**** Raw data
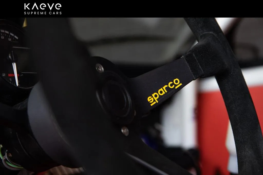 • Race-interieur met Sparco-stoelen, rolkooi en schakelaars voor elke elektrische functie.
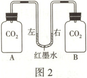 (5)为了验证二氧化碳能与氢氧化钠溶液发生化学反应,设计实验,装置如图 2 所示:A、B 瓶中装有等体积的二氧化碳气体,装置气密性良好,实验开始前红墨水左右两端液面相平。实验时同时向 A、B 瓶中分别加入等体积的氢氧化钠溶液和蒸馏水,塞紧瓶塞、振荡、平放,实验结束红墨水液面呈现
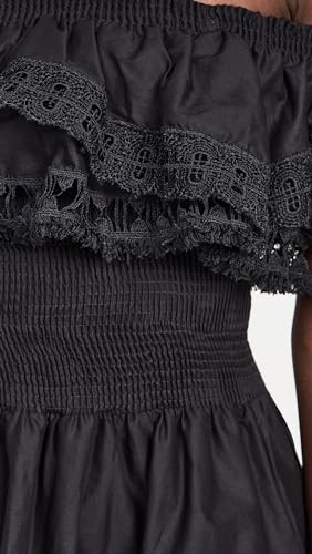 • Elasticized off-shoulder neckline, Smocked elastic bodice, Layered skirt, Lace trim
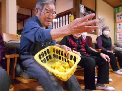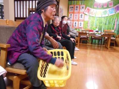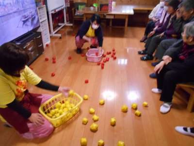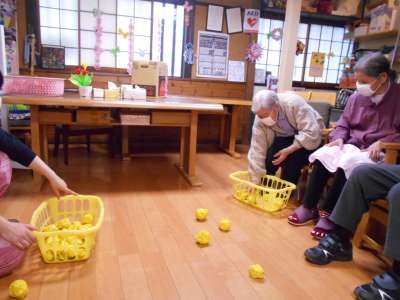 本日のレクリエーションは玉入れ競争を行います
********
§ Problem details
Skip every picture and retype only the lines from the line with "skirt, Lace trim" through the last line of the listing, both ends included, exactly as they appear.

§ Written answer
 • Elasticized off-shoulder neckline, Smocked elastic bodice, Layered skirt, Lace trim
 本日のレクリエーションは玉入れ競争を行います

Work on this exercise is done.